Interesting, not having a biologic parent as the primary caregiver was not associated with low cognitive group status on the Berry VMI. Studies performed in Thailand have shown that a large portion of children living with HIV are cared for by a relative who is not their biological parent as was found in our cohort16. Further, cognitive outcomes in pHIV are typically associated with better cognitive outcomes16. Caregiver stress negatively influences cognitive and behavioral functioning for children living with HIV17. These studies underscore the importance of incorporating family and caregiver mental health as part of the continuum of care for pHIV. Additional studies are needed to determine if the association between caregiver status and Beery VMI is mediated by overlapping psychosocial factors.

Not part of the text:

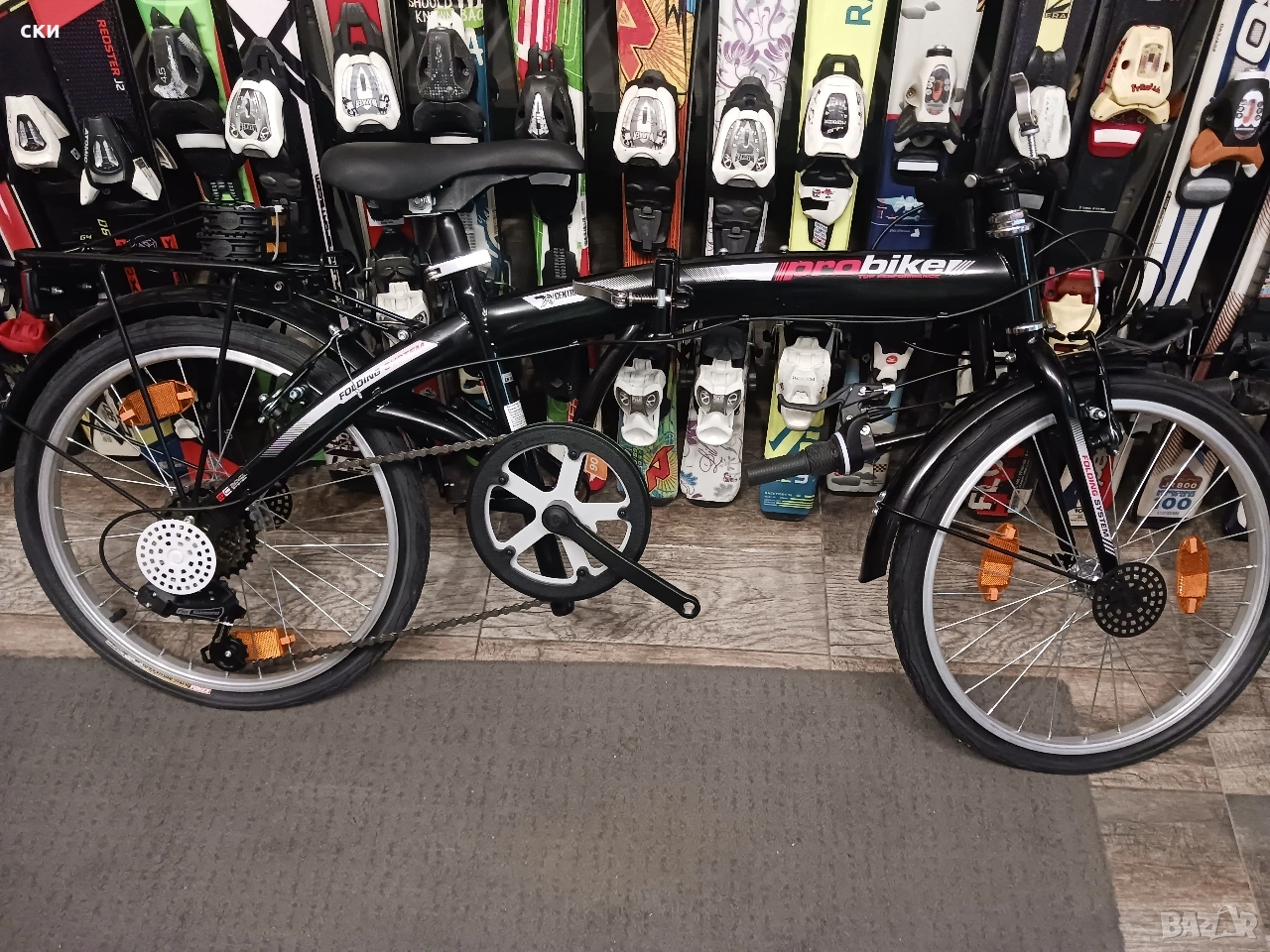 6 скорости, багажник, калници,свободен венец, гуми KENDA,две спирачки,предпазител за веригата, заден стоп, сгъваеми педали

Our earlier publication demonstrated that differential initiation of ART (i.e. at presentation or following immunosuppression) in children with HIV presenting after infancy did not influence neurodevelopmental outcomes6. The current study expands on these findings and found that older age (>8 years) at study enrollment was associated with lower performance on IQ scores. This result demonstrates that, although timing of ART initiation did not influence cognitive status, later presentation to care is a possible risk factor for poor cognitive outcomes in children with pHIV. Prior studies evaluating ART initiation in children with HIV suggest a varied response that is dependent on an individual’s age at presentation18,19. PHIV+ infants and young children who initiated ART and were virally suppressed prior to 5 years of age had improved IQ scores in older childhood20,21, whereas children who began ART at an older age did not benefit from immediate initiation of antiretroviral therapy4,6. These results along with our findings suggest that initiation of ART in infancy or early childhood may be protective against poor cognitive outcomes.

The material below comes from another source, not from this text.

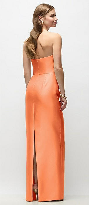 Strapless Cuff Satin Maxi Dress with Column Skirt & Back Bow in portofino orange
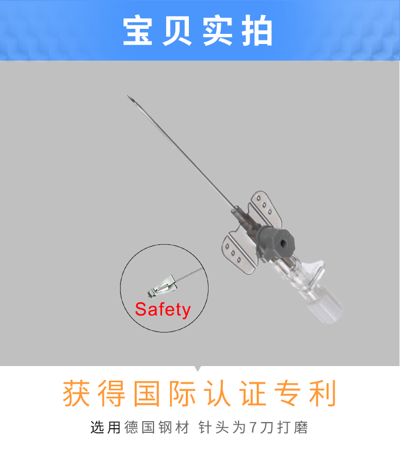 • 德国贝朗静脉留置针针头材料选用德国钢材,针头打磨为7刀打磨,获得国际认证。(普通针为4刀)

Our results should be applied with caution as we evaluated cognitive trajectories in children at various ages over a select interval of time, and a limited number of children in our study were enrolled in early childhood (<5 years) and older adolescence (>14 years). Additionally, the clinical relevance of these results is difficult to assess without expected normative trajectories for Thai and Cambodian children. There are likely many factors associated with cognitive outcomes that were not included in our study, including effect modifiers of the association between poverty and cognitive outcomes. Regardless, our study found that developmental outcomes in children with pHIV are comprised of unique cognitive profiles across age as demonstrated through the use of group based trajectory modeling. Longer follow-up including transition into older adolescence and assessment of HIV-exposed, but uninfected children will be the focus of future studies.